• **TASK BRIEF**: Write the listing below out again in full, dropping its pictures.

• **RECORDED DATA**:
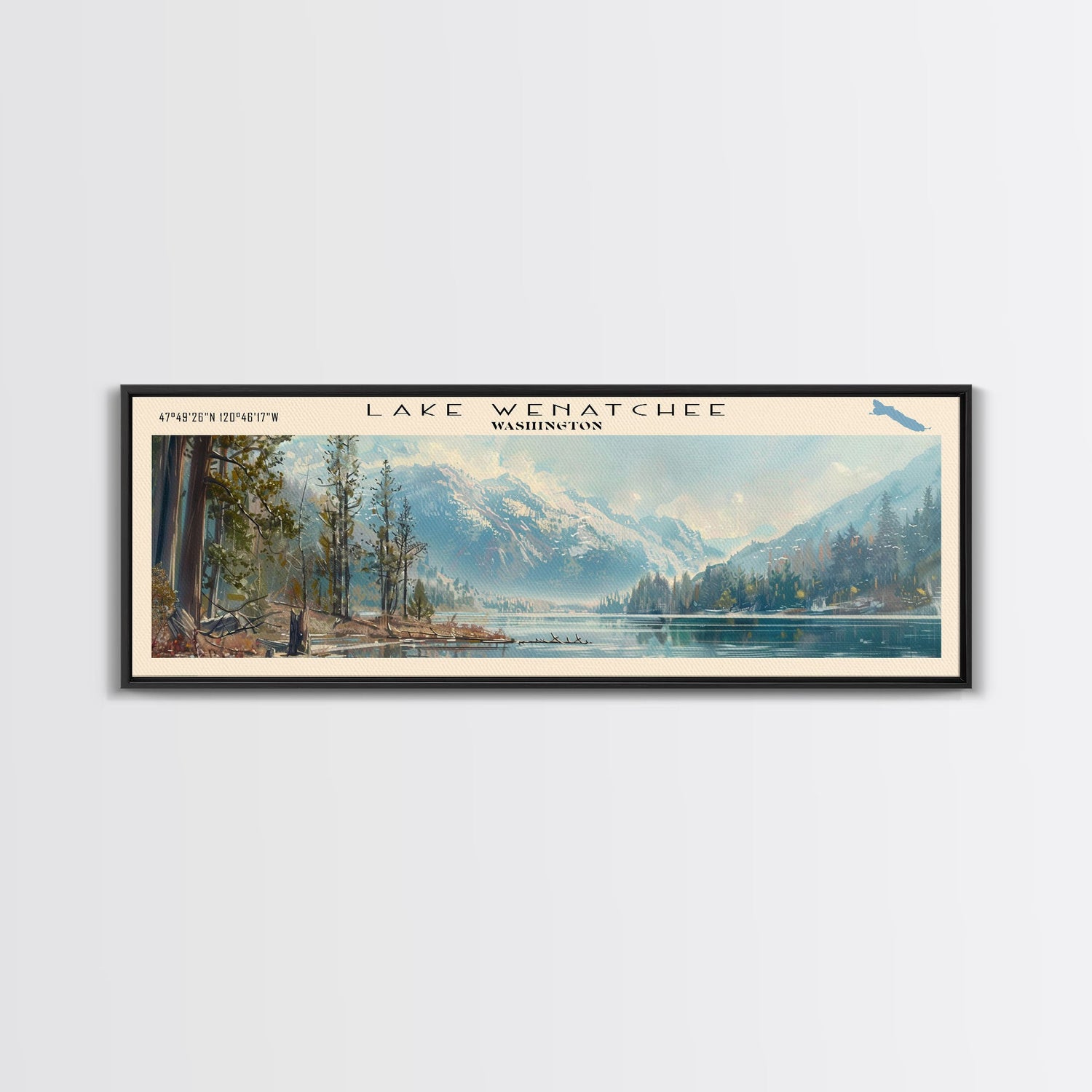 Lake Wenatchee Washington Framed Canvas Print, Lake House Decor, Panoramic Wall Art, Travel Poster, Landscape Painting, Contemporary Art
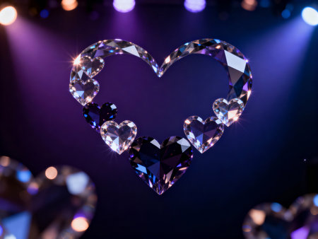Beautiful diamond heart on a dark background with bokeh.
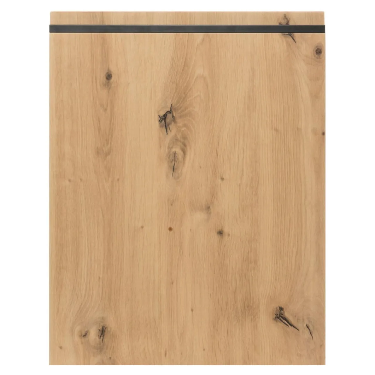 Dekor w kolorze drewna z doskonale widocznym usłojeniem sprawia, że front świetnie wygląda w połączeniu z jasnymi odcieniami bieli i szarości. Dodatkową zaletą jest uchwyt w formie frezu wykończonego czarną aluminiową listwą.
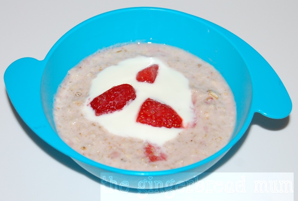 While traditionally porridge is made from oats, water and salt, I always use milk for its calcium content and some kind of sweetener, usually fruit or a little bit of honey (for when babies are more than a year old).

• **SOLUTION**:
 Lake Wenatchee Washington Framed Canvas Print, Lake House Decor, Panoramic Wall Art, Travel Poster, Landscape Painting, Contemporary Art
Beautiful diamond heart on a dark background with bokeh.
 Dekor w kolorze drewna z doskonale widocznym usłojeniem sprawia, że front świetnie wygląda w połączeniu z jasnymi odcieniami bieli i szarości. Dodatkową zaletą jest uchwyt w formie frezu wykończonego czarną aluminiową listwą.
 While traditionally porridge is made from oats, water and salt, I always use milk for its calcium content and some kind of sweetener, usually fruit or a little bit of honey (for when babies are more than a year old).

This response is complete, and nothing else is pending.